Dot blots and 16S rDNA probing.
Detection of bacterial DNAs
with rDNA probes was carried out with a dot blot format. DNAs isolated
from deer, sheep, and dairy cow rumen samples and control DNAs from
C. aminophilum, C. sticklandii, and P. anaerobius were diluted in denaturation buffer (0.4 M NaOH, 10 mM
EDTA) and boiled for 10 min. The denatured DNAs were applied to
Zeta-probe nylon membrane with a Bio-dot microfiltration apparatus (Bio-Rad Laboratories, Hercules, Calif.) attached to a vacuum line and
were washed three times with 0.4 M NaOH. The membranes were neutralized
in 2× SSC (0.3 M NaCl, 0.03 M sodium citrate) and air dried. Membrane
prehybridizations, hybridizations, and stringency washes were performed
as previously described (19), except that membranes probed
with the F966 and SR836 probes were washed at 50°C, those probed with
the C72 probe were washed at 52°C, and those probed with the
universal fD1* probe were washed at 48°C. Probes were 3' labelled
with digoxigenin-11-ddUTP with terminal transferase (Boehringer
Mannheim N.Z., Ltd.) and added to hybridization buffer at 10 ng/ml.
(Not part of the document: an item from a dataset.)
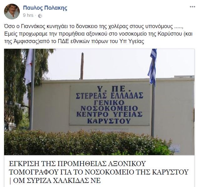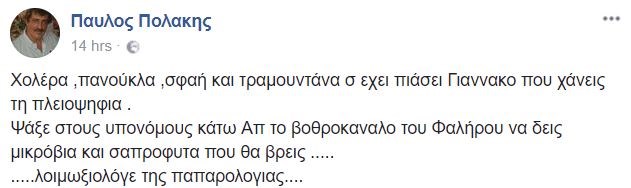 Επίθεση στον πρόεδρο της ΠΟΕΔΗΝ Μιχάλη Γιαννάκο εξαπέλυσε o αναπληρωτής υπουργός Υγείας Παύλος Πολάκης με αφορμή την καταγγελία της Ομοσπονδίας των Εργαζομένων στα Δημόσια Νοσοκομεία ότι ανιχνεύθηκε το βακτήριο της χολέρας σε καλλιέργεια δείγματος του νερού από το υπόγειο της αποθήκης τροφίμων του μαιευτηρίου «Έλενα».

Probe hybridization was detected with a chemiluminescent system which
uses alkaline phosphatase-labeled antidigoxigenin antibody and
the chemiluminescent substrate CSPD (Boehringer Mannheim N.Z., Ltd.).
Chemiluminescence on membranes was recorded by autoradiography.
Nucleotide sequence accession number.
The 16S rDNA sequences
of C2, D1, D4, and S1 have been deposited with GenBank under accession
no. AF044945, AF044947, AF044948, and AF044946, respectively.
 |
RESULTS |
Medium formulation and verification.
In order to screen for
HAP rumen bacteria, it was first necessary to formulate a medium to
select for these organisms. The defined medium of Chen and Russell
(9) was modified to include Casamino Acids, because C. aminophilum and P. anaerobius utilize this better than
Trypticase (9, 10). The ability of this modified (HAP)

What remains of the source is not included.